Additives Additives that may be present in one or more layers of the multilayer film of the present invention are opacifiers, pigments, colorants, slip agents, antioxidants, antifoggants, antistatic agents, antiblocking agents, fillers. Including, but not limited to, moisture barrier additives, gas barrier additives, and combinations thereof. Such additives can be used in effective amounts depending on the properties required. Slip agents, anti-sticking agents, antistatic agents, antioxidants, and antifogging agents are particularly effective when used in the outer layer of the multilayer film of the present invention.

Pigments and colorants are typically added to the polymer to provide opacity and, in some cases, a specific color to the resulting film. Examples of pigments or colorants for use in the present invention include iron oxide, carbon black, brown pigments, aluminum, titanium dioxide (TiO ₂ ), calcium carbonate (CaCO 3), polybutylene terephthalate, talc, and their It is a combination. Color pigments and colorants include agents that can be added to the polymer to give any desired shade of colors such as pink, blue, green, yellow and the like. Pigments and colorants can also contribute to the desirable optical quality of the films of the present invention by giving consumers a pleasing color and pearlescent appearance.

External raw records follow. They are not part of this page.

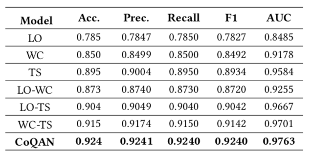 论文里把上面这个网络架构叫做CoQAN,文章质量分的训练模式被当成了二分类问题。
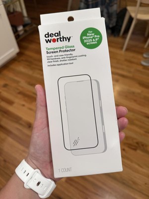 The Apple iPhone 17 Pro Max Screen Protector - dealworthy™ Clear is designed for the Apple iPhone 17 Pro Max, offering shatter-resistant tempered glass protection. It features an anti-fingerprint coating to maintain screen clarity and cleanliness. With precise dimensions, it ensures a snug fit, measuring 6 inches in length, 3 inches in width, and 0.01 inches in thickness. This single-pack protector provides essential defense against scratches and impacts, preserving the device's display quality.
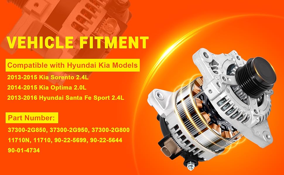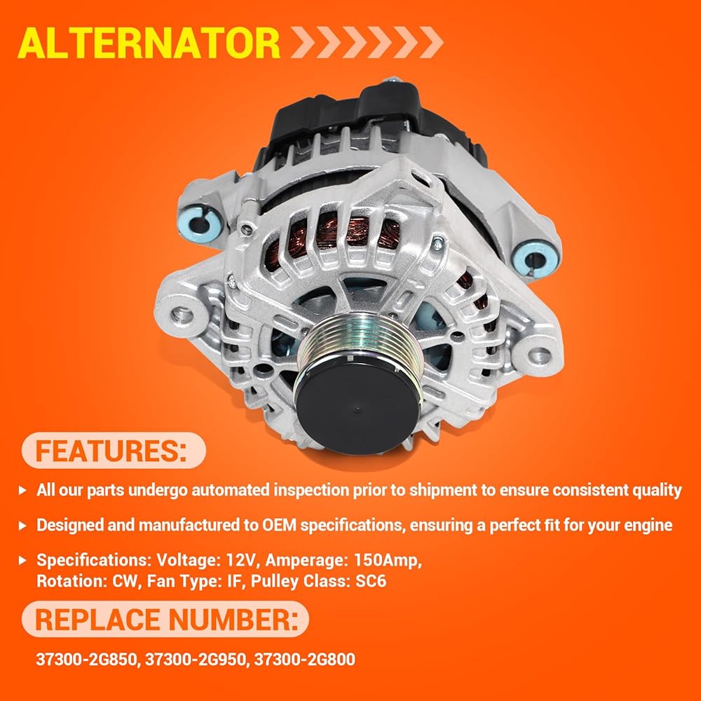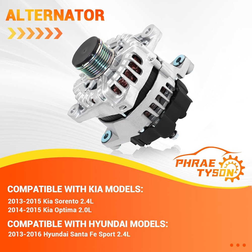 12V 150Amp High Output Alternator Compatible with 2013-2016 Hyundai Santa Fe Sport, 2013-2015 Kia Sorento 2.4L, 2014-2015 Optima 2.0L Replaces # 11710N 37300-2G850 90-22-5699
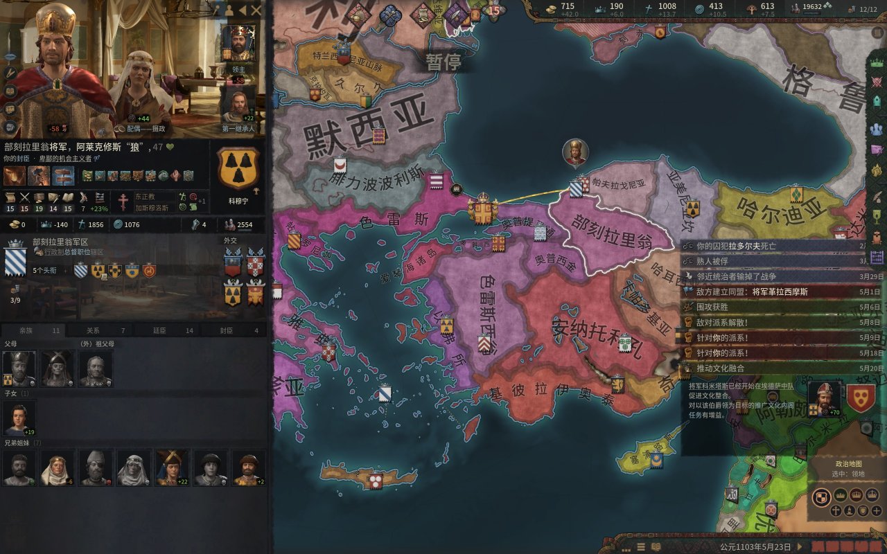 當然這位皇帝顯然當不了多久,但是國王現在正在視察新徵服的土地(拉文化認可,這個主要是爲了減少叛亂和融希臘文化),以及招納人才,沒時間理他。
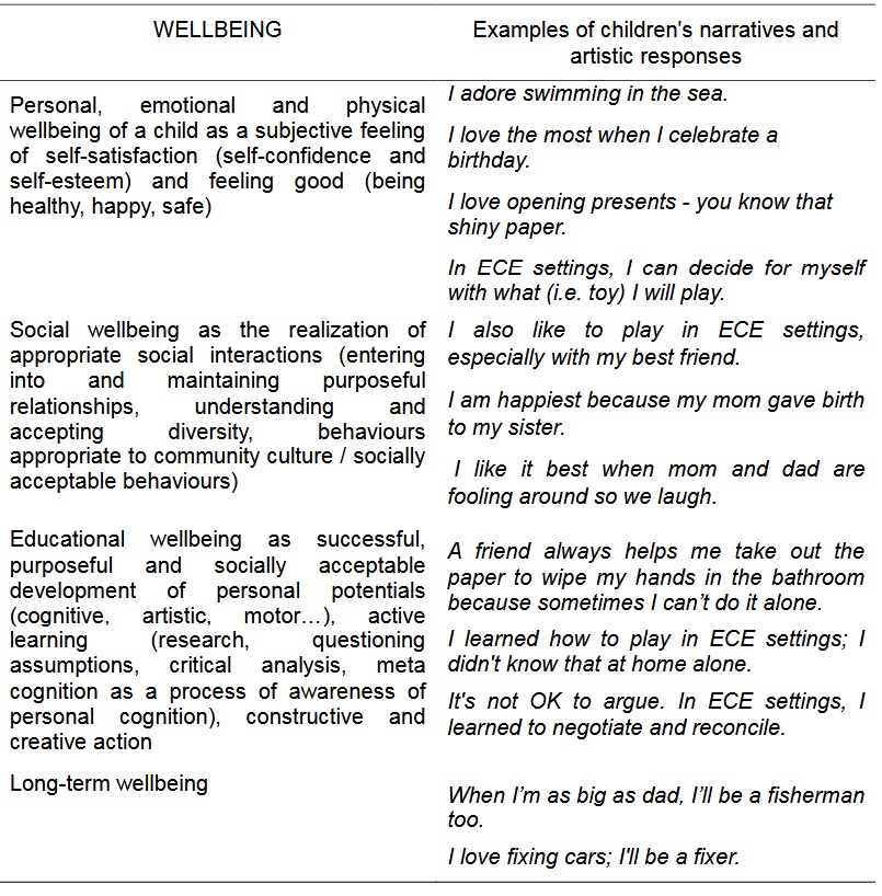 Conversations with children were recorded with the child’s consent (e.g. This conversation is very important, do you agree that I record it?). Since teachers often keep ethnographic notes during the work, children are familiar with this way of documenting. The responses were coded according to the interpretation of wellbeing given in the NKRPOO (MZOS, 2015), but the category of long-term wellbeing was added to the existing categories (Table 1). In total 67 art works were collected, which the children supported with verbal interpretations.
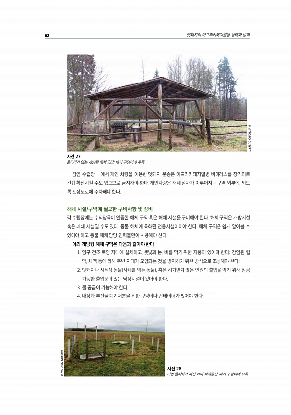 62 멧돼지의 아프리카돼지열병 생태와 방역 감염 수렵장 내에서 개인 차량을 이용한 멧돼지 운송은 아프리카돼지열병 바이러스를 장거리로 간접 확산시킬 수도 있으므로 금지해야 한다. 개인차량은 해체 절차가 이루어지는 구역 외부에, 되도 록 포장도로에 주차해야 한다. 해체 시설/구역에 필요한 구비사항 및 장비 각 수렵장에는 수의당국이 인증한 해체 구역 혹은 해체 시설을 구비해야 한다. 해체 구역은 개방시설 혹은 폐쇄 시설일 수도 있다. 동물 해체에 특화된 전용시설이어야 한다. 해체 구역은 쉽게 알아볼 수 있어야 하고 동물 해체 담당 인력들만이 사용해야 한다. 야외 개방형 해체 구역은 다음과 같아야 한다 1. 영구 건조 토양 지대에 설치하고, 햇빛과 눈, 비를 막기 위한 지붕이 있어야 한다; 감염된 혈 액, 체액 등...
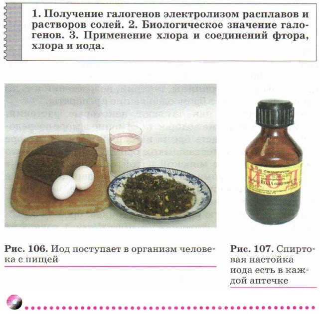 Иод. Последний из рассматриваемых нами галогенов — иод — элемент, без которого человек не может жить: недостаток его в воде и пище снижает выработку гормонов щитовидной железы и приводит к заболеванию эндемическим зобом. Гормоны щитовидной железы регулируют мышечную деятельность, работу сердца и мозга, а также аппетит, пищеварение. Иод поступает в организм вместе с водой, воздухом и пищей: хлебом, яйцами, молоком, водой, морской капустой (рис. 106). Спиртовой раствор иода (5—10%-й), называемый йодной настойкой, применяют для обработки ран (рис. 107). Иод входит в состав многих лекарств. Главными потребителями иода являются фармацевтическая и химическая промышленность, а также производство светочувствительных фотоматериалов. 1

  Slip agents can include higher fatty acid amides, higher fatty acid esters, waxes, silicone oils, and metal soaps. Such a slip agent can be used in an amount ranging from 0.05% to 2% by weight, based on the total amount of layer to which it is added. An example of a slip agent that may be useful in the present invention is erucamide.

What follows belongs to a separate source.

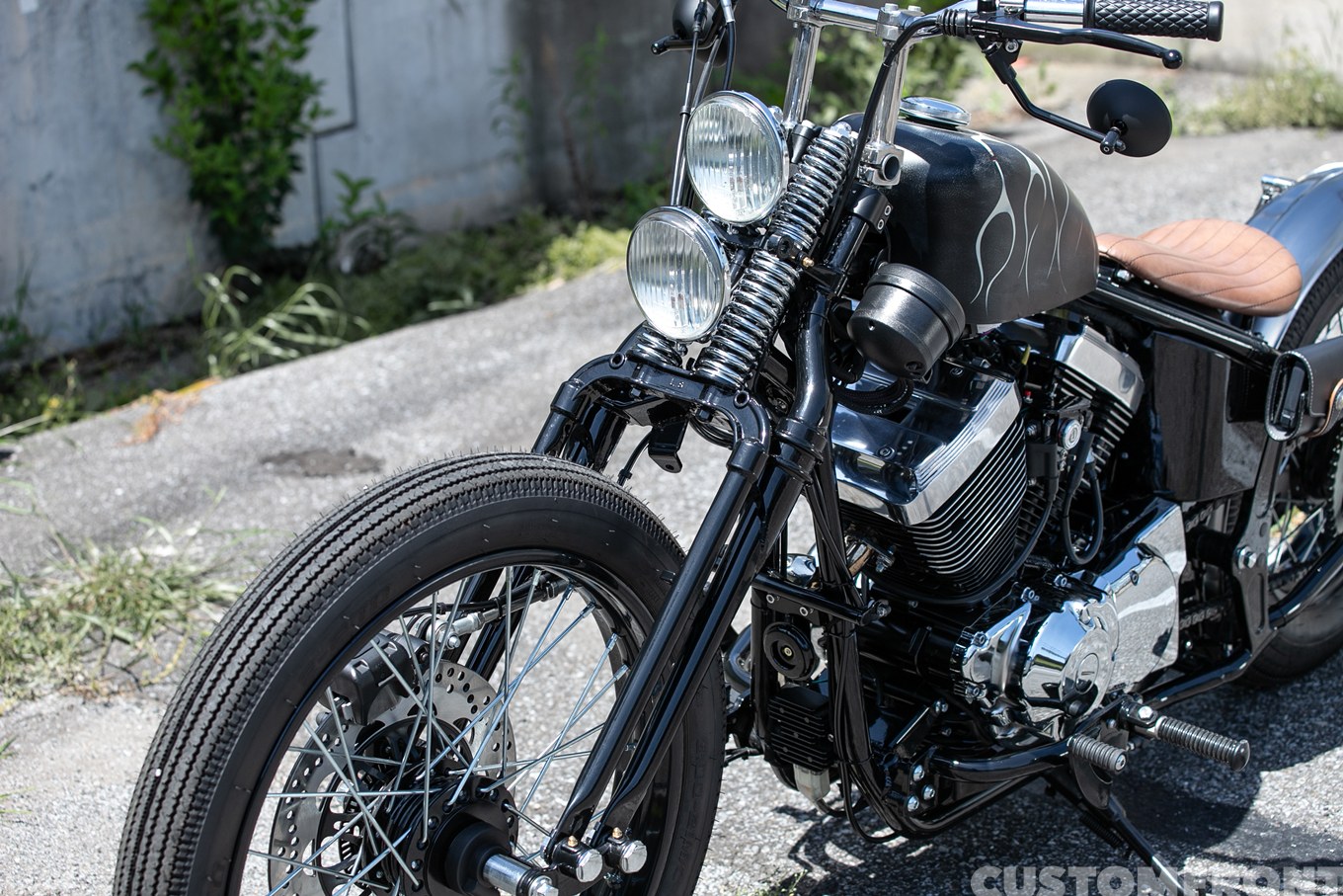 ただでさえカスタムバイクとして完成された感のある車両を、更なる極みへと手を加えたのがこちらの一台だ。ベース車両はソフテイルモデルで、オーナーの希望を咀嚼しつつ、そこに新しい提案をプラスしたものだと作り手の野呂さんは語る。

  The non-migration slip agent used in one or more skin layers of the multilayer film of the present invention may comprise polymethyl methacrylate (PMMA). Non-migration slip agents can have an average particle size ranging from 0.5 μm to 8 μm, or from 1 μm to 5 μm, 2 μm to 4 μm, depending on the layer thickness and the desired slip properties. Alternatively, the particle size of a non-migration slip agent such as PMMA is greater than 20% of the thickness of the skin layer containing the slip agent, or greater than 40% of the thickness of the surface film, or the surface May exceed 50% of the thickness of the thin layer. The particle size of the non-migration slip agent, such as a thin layer, is also at least 10% greater than the thickness of the skin layer, or at least 20% greater than the thickness of the skin layer, or the skin layer. May be at least 40% greater than the thickness. In general, spherical particulate non-migrating slip agents are contemplated, including PMMA resins such as EPOSSTAR ™; (commercially available from Nippon Shokubai Co., Ltd., Japan). It is well known that other commercial sources of suitable materials exist. Non-migrating means that these particulates generally do not change position throughout the layers of the film in the manner of a migrating slip agent. Conventional polydialkylsiloxanes such as silicone oils or rubber additives having a viscosity of 10,000 to 2,000,000 centistokes are also contemplated.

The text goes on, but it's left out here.